■ **TRY IT**: Write all of the entries out again exactly, but not the images.

■ **EXERCISE MATERIALS**:
= Beginning of Section =

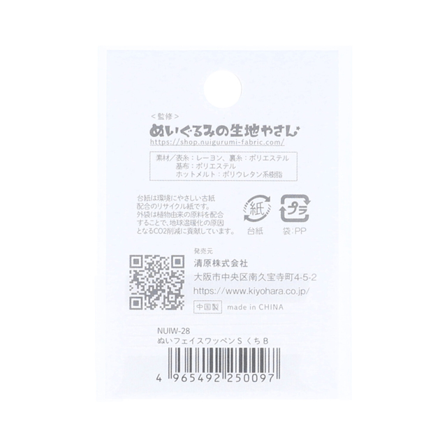 「ぬい」のフェイスデコレーションにぴったりの、ぬいぐるみの生地やさん監修のフェイスワッペン。
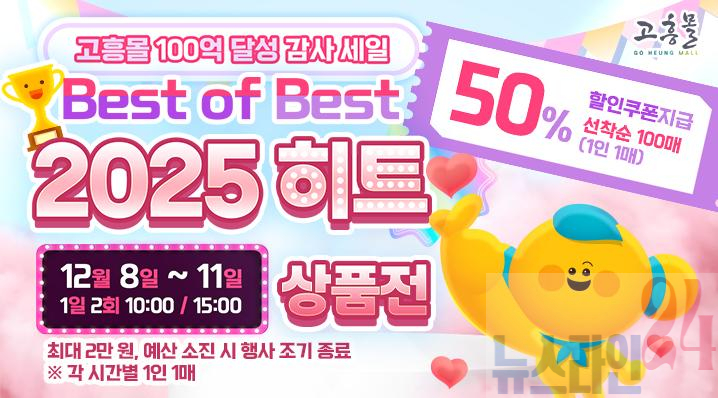 고흥군(군수 공영민)은 직영 온라인 농수축특산물 쇼핑몰 ‘고흥몰’이 누적 매출 100억 원 돌파를 기념해 오는 1월 8일부터 11일까지 ‘100억 달성 감사 세일–2025 Best of Best’ 기획전을 진행한다고 밝혔다.
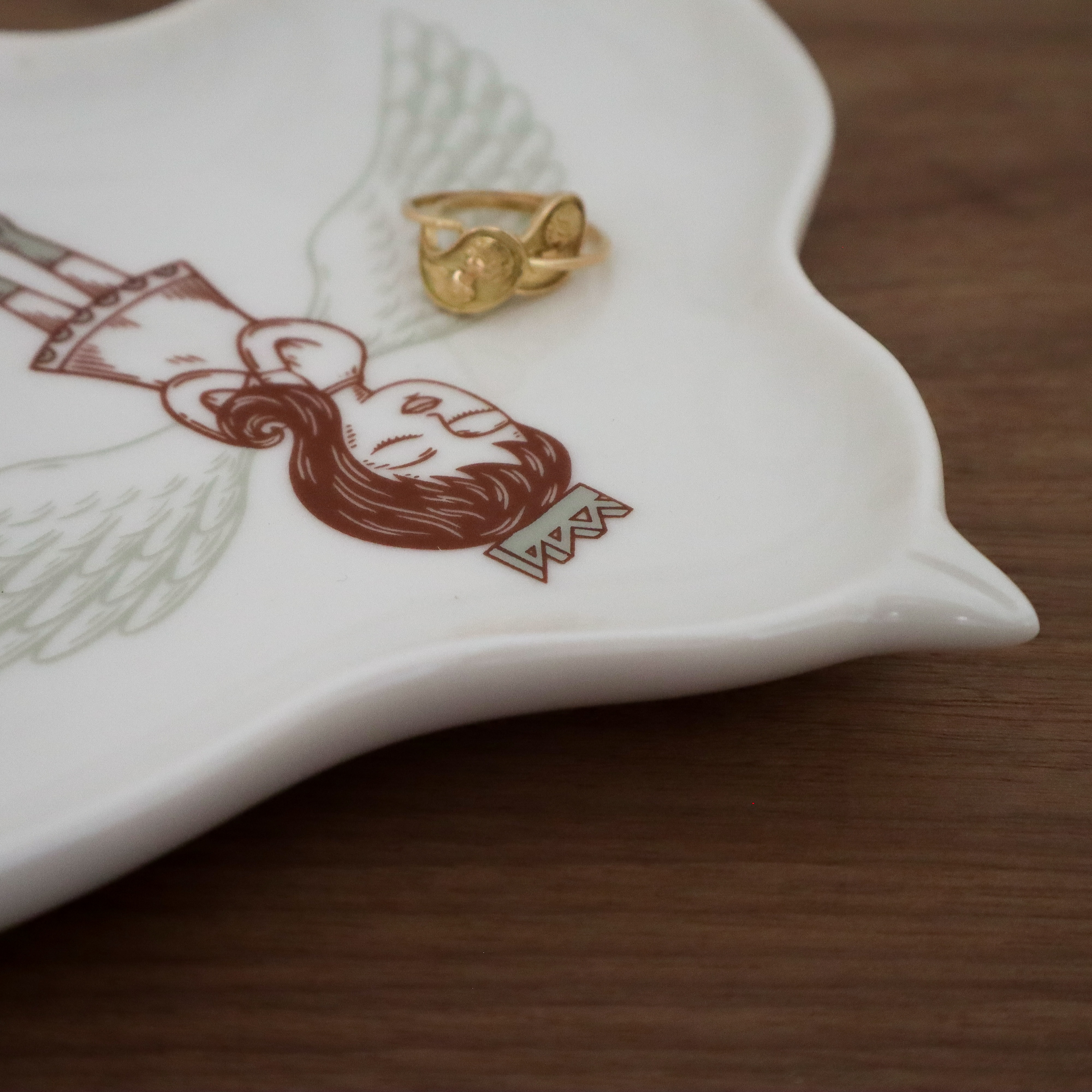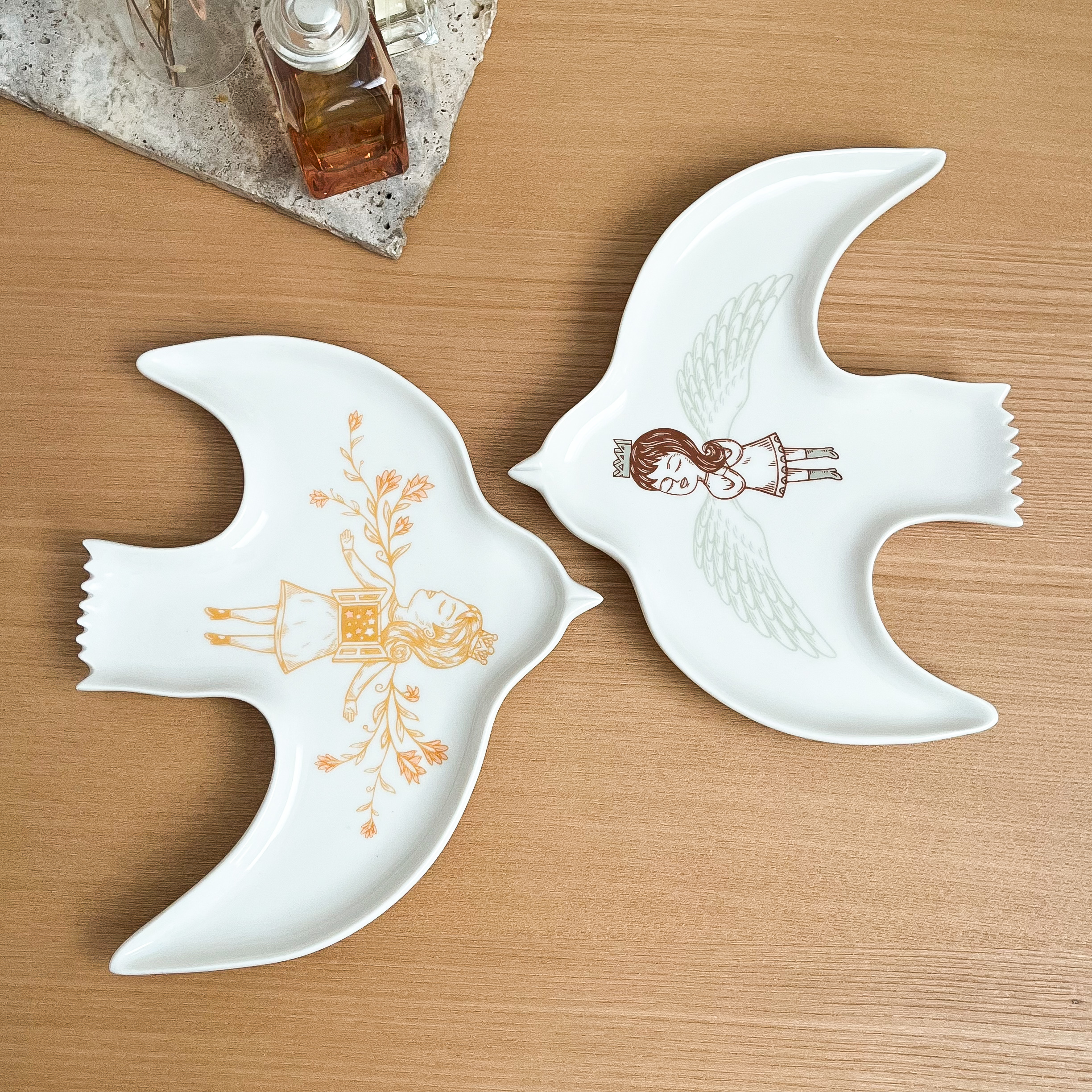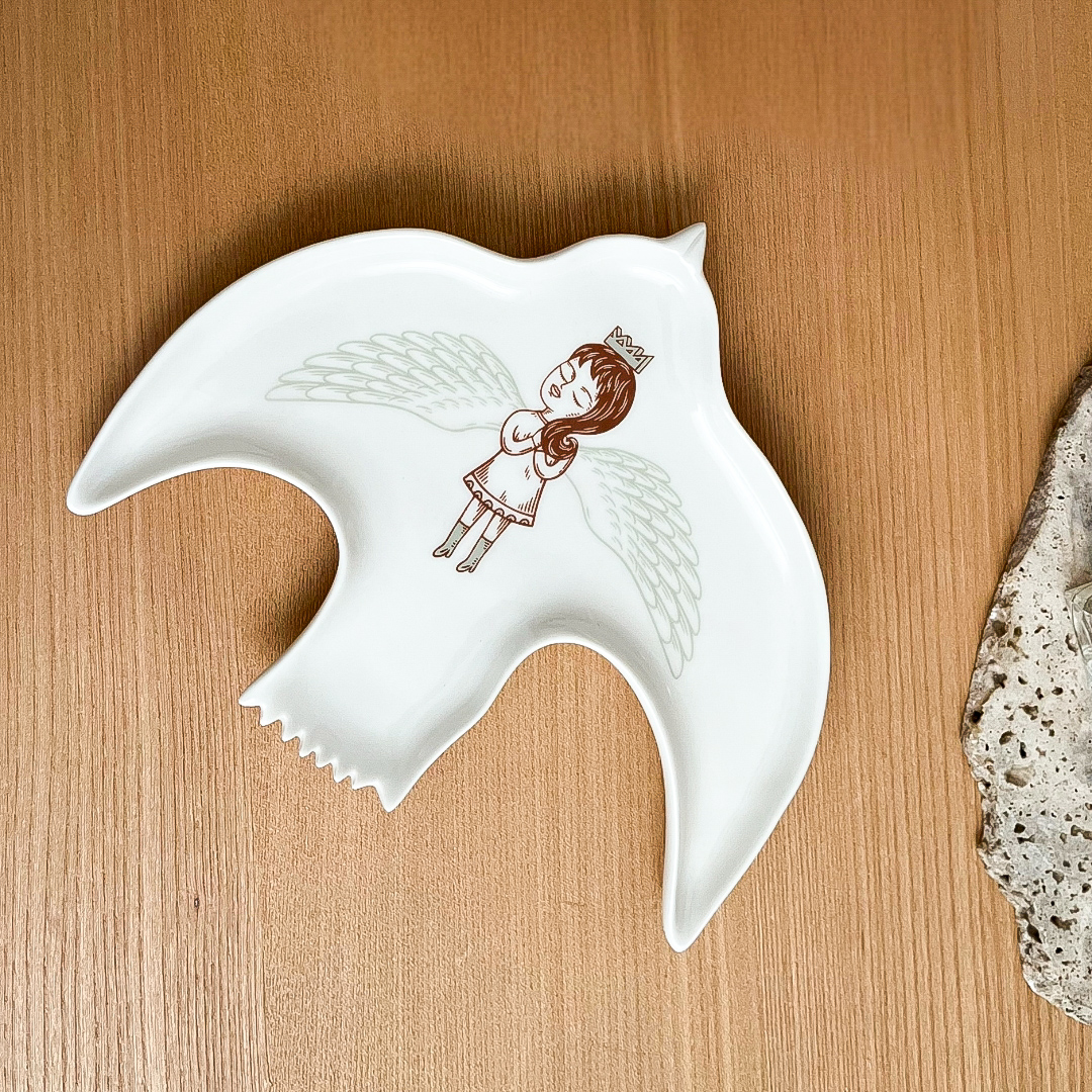 Una nueva Pieza se une a nuestra colección ~ Aves 🜁 Descubre el Plato Joyero Golondrina 𓅪 Delicada Pieza de Porcelana y Calcos en tonos Ocre, inspirado en la icónica ilustración “Alas” de Fito Espinosa ⁎⁺˳ Hecho a mano en porcelana brillante y horneado a altas temperaturas.
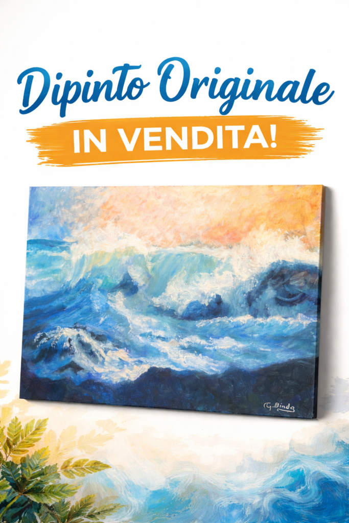 “Onde di Emozioni” non è semplicemente una rappresentazione visiva di un paesaggio marino, ma un’esplorazione dei sentimenti interiori che il mare può evocare. Binda cattura la bellezza cruda e la forza imprevedibile della natura, trasformando l’osservatore in un testimone privilegiato di un momento epico. Questo dipinto è una testimonianza dell’abilità dell’artista nel trasporre la potenza dell’ambiente naturale in un’espressione artistica che vibra di vita e passione.
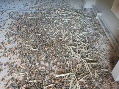 籾すり機にモミを入れる前に粗選機を通すのですが、藁クズと一緒に病粒も大量に出てきます。被害米は小粒なので網下米としてほとんど排出されるのでカメムシによる黒点米よりはマシです。
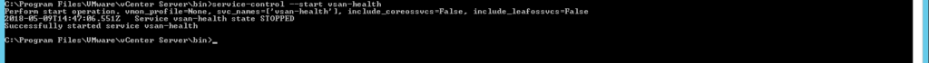 Start the service by running : vCenter-P:~ # service-control --start vmware-vsan-health INFO:root:Service: vmware-vsan-health, Action: start Service: vmware-vsan-health, Action: start 2018-05-09T21:48:47.624Z Running command: ['/sbin/chkconfig', u'vmware-vsan-health'] 2018-05-09T21:48:47.676Z Done running command 2018-05-09T21:48:47.676Z Running command: ['/sbin/service', u'vmware-vsan-health', 'status'] 2018-05-09T21:48:47.685Z Done running command 2018-05-09T21:48:47.685Z Running command: ['/sbin/chkconfig', '--force', u'vmware-vsan-health', 'on'] 2018-05-09T21:48:47.731Z Done running command 2018-05-09T21:48:47.732Z Running command: ['/sbin/service', u'vmware-vsan-health', 'start'] 2018-05-09T21:48:47.746Z Done running command 2018-05-09T21:48:47.746Z Successfully started service vmware-vsan-health vCenter-P:~ #
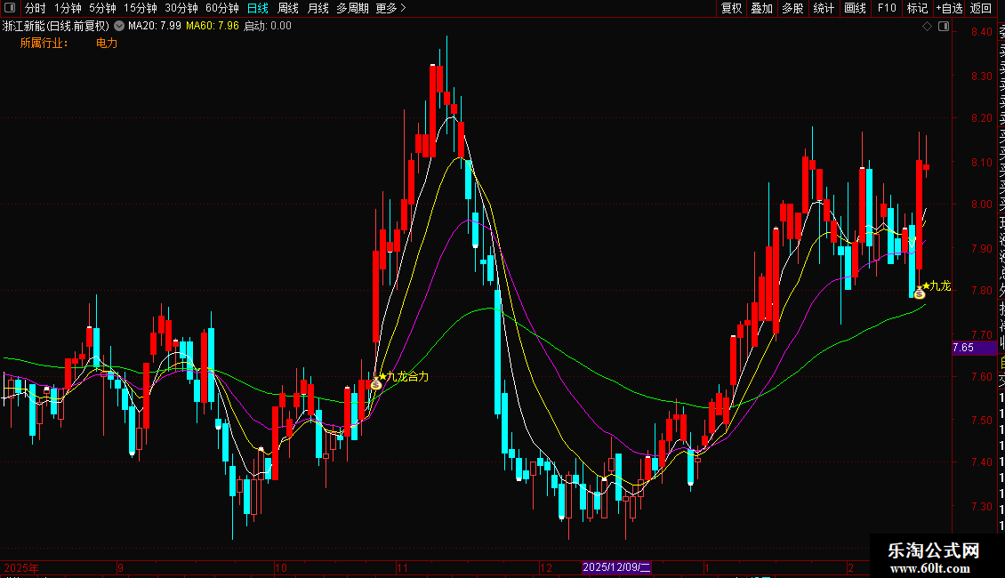 指标主要功能是监控主力资金动向与筹码集中度,识别个股所属板块,并捕捉主力吸筹结束后的爆发点。它通过计算平均成本与市场筹码分布,判断主力是否完成低位建仓。操作策略为:当出现“九天腾龙”或“九龙合力”信号,且伴随放量阳线突破时,视为强力买入时机;红色柱体代表主力积极持仓可跟进,需结合行业板块热点操作。

= End of Section =

■ **THE ANSWER**:
 「ぬい」のフェイスデコレーションにぴったりの、ぬいぐるみの生地やさん監修のフェイスワッペン。
 고흥군(군수 공영민)은 직영 온라인 농수축특산물 쇼핑몰 ‘고흥몰’이 누적 매출 100억 원 돌파를 기념해 오는 1월 8일부터 11일까지 ‘100억 달성 감사 세일–2025 Best of Best’ 기획전을 진행한다고 밝혔다.
 Una nueva Pieza se une a nuestra colección ~ Aves 🜁 Descubre el Plato Joyero Golondrina 𓅪 Delicada Pieza de Porcelana y Calcos en tonos Ocre, inspirado en la icónica ilustración “Alas” de Fito Espinosa ⁎⁺˳ Hecho a mano en porcelana brillante y horneado a altas temperaturas.
 “Onde di Emozioni” non è semplicemente una rappresentazione visiva di un paesaggio marino, ma un’esplorazione dei sentimenti interiori che il mare può evocare. Binda cattura la bellezza cruda e la forza imprevedibile della natura, trasformando l’osservatore in un testimone privilegiato di un momento epico. Questo dipinto è una testimonianza dell’abilità dell’artista nel trasporre la potenza dell’ambiente naturale in un’espressione artistica che vibra di vita e passione.
 籾すり機にモミを入れる前に粗選機を通すのですが、藁クズと一緒に病粒も大量に出てきます。被害米は小粒なので網下米としてほとんど排出されるのでカメムシによる黒点米よりはマシです。
 Start the service by running : vCenter-P:~ # service-control --start vmware-vsan-health INFO:root:Service: vmware-vsan-health, Action: start Service: vmware-vsan-health, Action: start 2018-05-09T21:48:47.624Z Running command: ['/sbin/chkconfig', u'vmware-vsan-health'] 2018-05-09T21:48:47.676Z Done running command 2018-05-09T21:48:47.676Z Running command: ['/sbin/service', u'vmware-vsan-health', 'status'] 2018-05-09T21:48:47.685Z Done running command 2018-05-09T21:48:47.685Z Running command: ['/sbin/chkconfig', '--force', u'vmware-vsan-health', 'on'] 2018-05-09T21:48:47.731Z Done running command 2018-05-09T21:48:47.732Z Running command: ['/sbin/service', u'vmware-vsan-health', 'start'] 2018-05-09T21:48:47.746Z Done running command 2018-05-09T21:48:47.746Z Successfully started service vmware-vsan-health vCenter-P:~ #
 指标主要功能是监控主力资金动向与筹码集中度,识别个股所属板块,并捕捉主力吸筹结束后的爆发点。它通过计算平均成本与市场筹码分布,判断主力是否完成低位建仓。操作策略为:当出现“九天腾龙”或“九龙合力”信号,且伴随放量阳线突破时,视为强力买入时机;红色柱体代表主力积极持仓可跟进,需结合行业板块热点操作。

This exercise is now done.